2. The fault diagnosis method for heterogeneous circuit breakers in a station group according to claim 1, characterized in that, The standardized behavior vector set used to construct the population baseline model of each device family in step S4 is formed by selecting and storing the following standardized behavior vectors: Before the station group is put into online diagnostic operation, the operation data collected from the opening and closing operation events of each circuit breaker in the station group under the preset normal operation conditions are processed and stored as multiple standardized behavior vectors. as well as During the online operation of the method, the standardized behavior vectors corresponding to multiple opening and closing operation events that occur under preset normal operating conditions and are not recorded within a preset observation time window are selected and stored in the standardized behavior vector set of the corresponding device family.
3. The fault diagnosis method for heterogeneous circuit breakers in a station group according to claim 2, characterized in that, The method also includes the following during online operation: Within each preset update cycle, the model parameters of the population baseline model of the corresponding device family are updated based on the standardized behavior vectors of the standardized behavior vector set newly stored in each device family after the end of the previous update cycle.
4. The fault diagnosis method for heterogeneous circuit breakers in a substation group according to any one of claims 1 to 3, characterized in that, The method also includes the following during online operation: Within a preset statistical time window, for each circuit breaker in the substation group, a standardized behavior vector is selected corresponding to multiple opening and closing operation events that occur under preset normal operating conditions and are not recorded as associated with fault events within the preset observation time window. Based on the selected standardized behavior vector, multidimensional statistical features are calculated to construct an individual baseline model for characterizing the distribution of the circuit breaker's own operating behavior. Step S5 further includes: based on the individual baseline model, calculating the individual deviation of the standardized behavior vector corresponding to the target opening and closing operation event relative to the individual baseline model, and using the individual deviation and the group deviation of the target opening and closing operation event relative to the group baseline model as the diagnostic basis for determining the operating status and / or fault diagnosis result of the circuit breaker to be diagnosed.
5. The fault diagnosis method for heterogeneous circuit breakers in a station group according to claim 4, characterized in that, In step S5, based on the comparison results of the individual deviation and the group deviation with the preset individual threshold and the preset group threshold, respectively, the target opening and closing operation event is divided into at least one of the following modes: When the individual deviation is less than the preset individual threshold and the group deviation is less than the preset group threshold, the target opening and closing operation event is determined to be in normal operation mode. When the individual deviation is greater than or equal to the preset individual threshold and the group deviation is less than the preset group threshold, the target opening and closing operation event is determined to be in the operating condition disturbance mode. When the individual deviation is greater than or equal to the preset individual threshold and the group deviation is greater than or equal to the preset group threshold, the target opening and closing operation event is determined to be in the group out-of-group mode, and the circuit breaker corresponding to the target opening and closing operation event in the group out-of-group mode is marked as an object with potential fault.
6. The fault diagnosis method for heterogeneous circuit breakers in a station group according to claim 1, characterized in that, The device parameter set includes rated voltage, operating mechanism type and sampling frequency. In step S1, circuit breakers with rated voltage of the same voltage level, the same operating mechanism type and the same sampling frequency are classified into the same device family.
7. The fault diagnosis method for heterogeneous circuit breakers in a station group according to claim 1, characterized in that, The operating data in step S2 includes coil current waveform data and operation time data.
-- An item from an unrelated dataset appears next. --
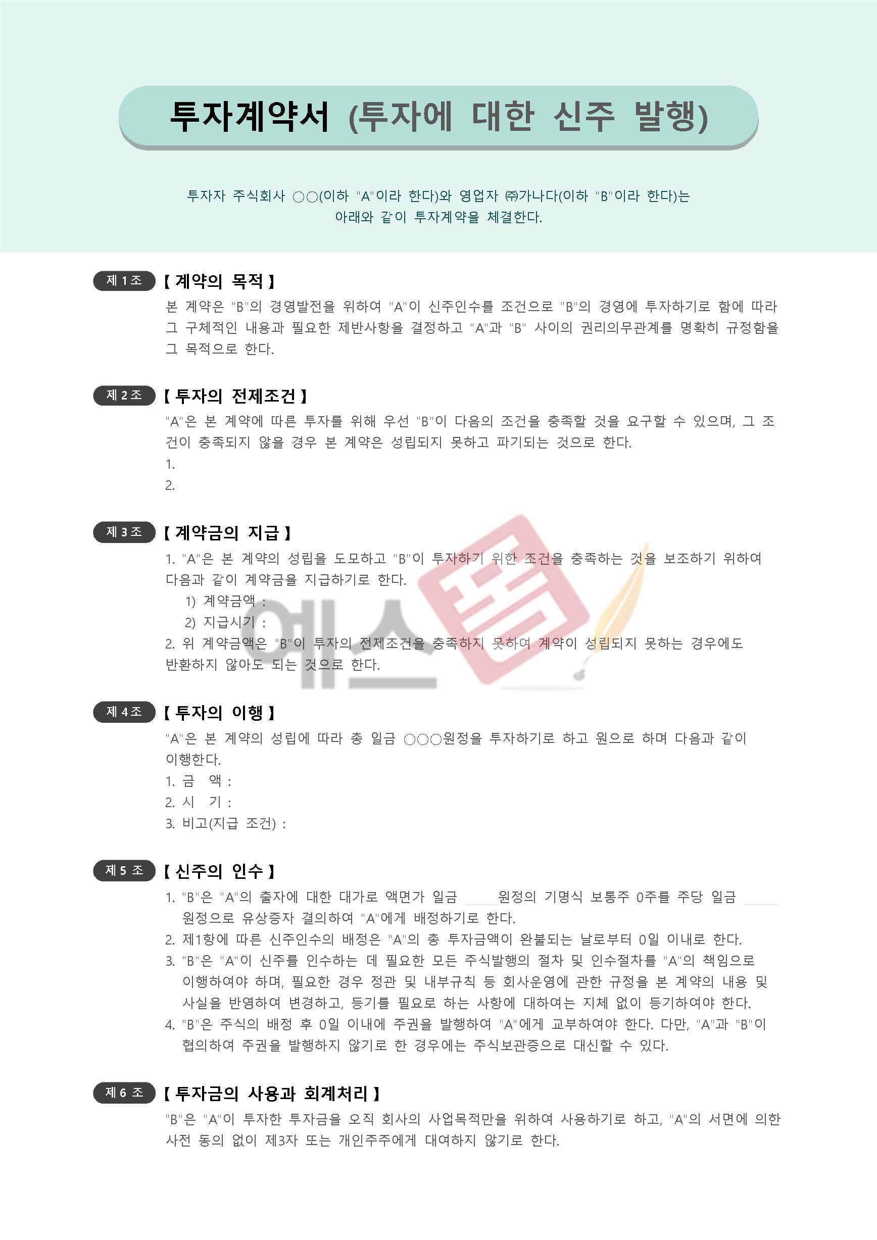 | 공동투자 계약서 | 변호사 항목해설 | 공동 투자계약서 | 투자계약서(투자에 대한 신주 발행) |

The behavioral feature vector extracted in step S2 includes: the coil current peak value and the duration of the current rise phase extracted from the coil current waveform data, and the total opening time and total closing time extracted from the operation time data.
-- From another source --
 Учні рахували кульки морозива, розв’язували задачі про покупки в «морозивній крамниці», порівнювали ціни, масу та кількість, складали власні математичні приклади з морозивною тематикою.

8. The fault diagnosis method for heterogeneous circuit breakers in a station group according to claim 1, characterized in that, When the parameter set of the access devices in the station group does not meet the parameter configuration of any existing device family for a new circuit breaker, the method further includes: Configure the new circuit breaker as a circuit breaker in a new device family, and use the device parameter set of the new circuit breaker as the device parameter representative of the new device family; Based on the parameter differences between the device parameter representatives of the new device family and the device parameter representatives of each existing device family, the similarity between the new device family and each existing device family is calculated, and the existing device family with the highest similarity is selected as the target device family. Based on the differences in device parameters between the new device family and the target device family, the model parameters of the population baseline model of the target device family are corrected according to a preset parameter correction rule to obtain the initial model parameters of the population baseline model of the new device family.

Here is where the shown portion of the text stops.